Programma innovativo nazionale per la qualità dell’abitare

Il Ministro delle Infrastrutture e Trasporti, il Ministro dell’ Economia e Finanze ed il Ministro per i Beni e le Attività culturali ed il turismo, hanno firmato il decreto interministeriale attuativo del “Programma innovativo nazionale per la qualità dell’abitare”, di cui alla legge 160/2019, articolo 1, commi 437 e seguenti, adesso in attesa di pubblicazione in Gazzetta Ufficiale.

Il decreto interministeriale mette a disposizione dei Comuni e delle Città Metropolitane risorse per oltre 853 milioni di euro per gli anni 2020-2033, destinati al programma innovativo per l’abitare, al fine di concorrere alla riduzione del disagio abitativo, culturale e della coesione sociale.
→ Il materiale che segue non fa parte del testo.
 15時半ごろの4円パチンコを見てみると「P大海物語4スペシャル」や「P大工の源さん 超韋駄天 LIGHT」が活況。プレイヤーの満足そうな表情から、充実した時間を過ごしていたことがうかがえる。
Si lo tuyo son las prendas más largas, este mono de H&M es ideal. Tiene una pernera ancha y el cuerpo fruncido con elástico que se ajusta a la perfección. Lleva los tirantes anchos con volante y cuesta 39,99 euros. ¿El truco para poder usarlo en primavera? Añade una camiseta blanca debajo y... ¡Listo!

Qualità dell’abitare, i criteri per la valutazione delle proposte

Le proposte, che Regioni, Città metropolitane e Comuni sono chiamati a presentare, devono prevedere soluzioni ecosostenibili, come infrastrutture verdi, sistemi di deimpermeabilizzazione, sistemi di bioarchitettura e riciclo dei materiali. L’obiettivo deve essere il raggiungimento di elevate prestazioni energetiche, ma anche la messa in sicurezza antisismica degli edifici.
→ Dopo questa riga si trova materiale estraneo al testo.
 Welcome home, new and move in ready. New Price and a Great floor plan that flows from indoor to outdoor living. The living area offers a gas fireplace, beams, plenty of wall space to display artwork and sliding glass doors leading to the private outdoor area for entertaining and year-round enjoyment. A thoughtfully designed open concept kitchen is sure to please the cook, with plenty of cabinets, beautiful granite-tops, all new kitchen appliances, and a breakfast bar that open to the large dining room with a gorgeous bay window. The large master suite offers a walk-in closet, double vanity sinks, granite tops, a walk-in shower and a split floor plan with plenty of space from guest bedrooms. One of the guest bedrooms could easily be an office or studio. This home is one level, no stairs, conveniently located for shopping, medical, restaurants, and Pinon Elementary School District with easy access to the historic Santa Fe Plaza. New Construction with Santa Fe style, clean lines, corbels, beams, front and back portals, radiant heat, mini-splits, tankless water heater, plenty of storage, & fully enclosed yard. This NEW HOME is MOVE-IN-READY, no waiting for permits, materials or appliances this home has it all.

Saranno valutati con punteggi più alti i progetti rispondenti ai Criteri Ambientali Minimi (CAM) e quelli che prevedono il recupero e la valorizzazione dei beni culturali, ma soprattutto il “bilancio zero” del consumo di nuovo suolo”. Saranno quindi preferiti gli interventi di recupero e riqualificazione di aree già urbanizzate o in tessuti urbanistici fortemente consolidati.

Particolare attenzione è riservata alle modalità di progettazione. Saranno infatti riconosciuti punteggi più alti ai progetti redatti con metodologia BIM.